About this exercise — In the listing that follows, give every line again exactly and omit the pictures.

Data shown —
[Start of section]
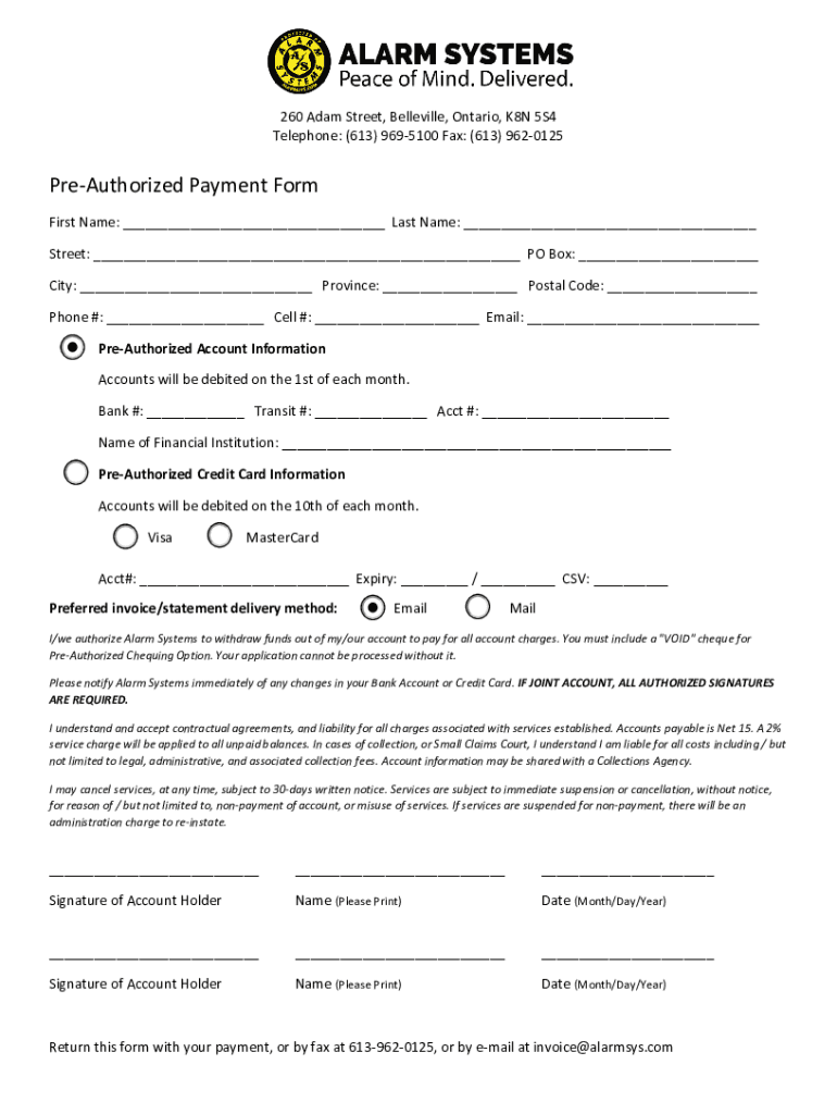 260 Adam Street, Belleville, Ontario, K8N 5S4 Telephone: (613) 9695100 Fax: (613) 9620125PreAuthorized Payment Form First Name: ___ Last Name: ___ Street: ___ PO Box: ___ City: ___ Province: ___ Postal
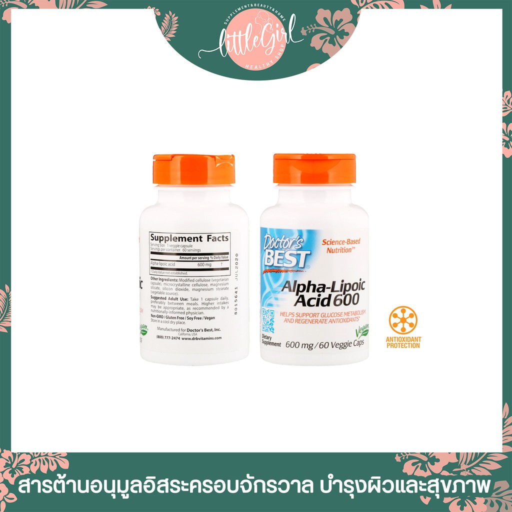 (พร้อมส่ง) กรดอัลฟ่าไลโปอิก (ALA) Doctor’s Best Alpha Lipoic Acid 600mg 60 Veggie Caps
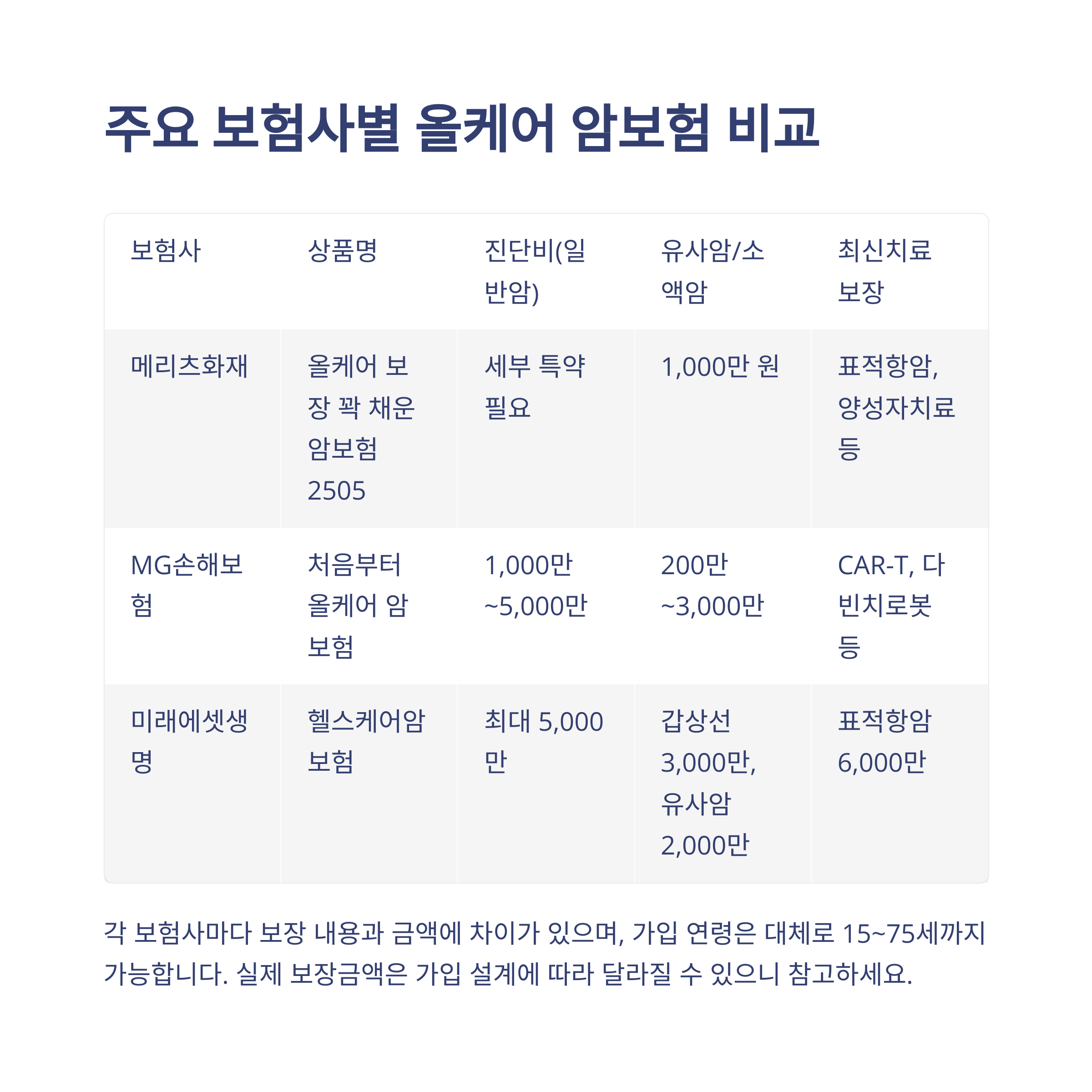 | 메리츠화재 | 올케어 암보험2505 | 일반암 최대 3,000만 원 | 표적항암, 재진단암 등 | 10대 특정암 특약 강화 |
[End of section]
Solution to the problem —
 260 Adam Street, Belleville, Ontario, K8N 5S4 Telephone: (613) 9695100 Fax: (613) 9620125PreAuthorized Payment Form First Name: ___ Last Name: ___ Street: ___ PO Box: ___ City: ___ Province: ___ Postal
 (พร้อมส่ง) กรดอัลฟ่าไลโปอิก (ALA) Doctor’s Best Alpha Lipoic Acid 600mg 60 Veggie Caps
 | 메리츠화재 | 올케어 암보험2505 | 일반암 최대 3,000만 원 | 표적항암, 재진단암 등 | 10대 특정암 특약 강화 |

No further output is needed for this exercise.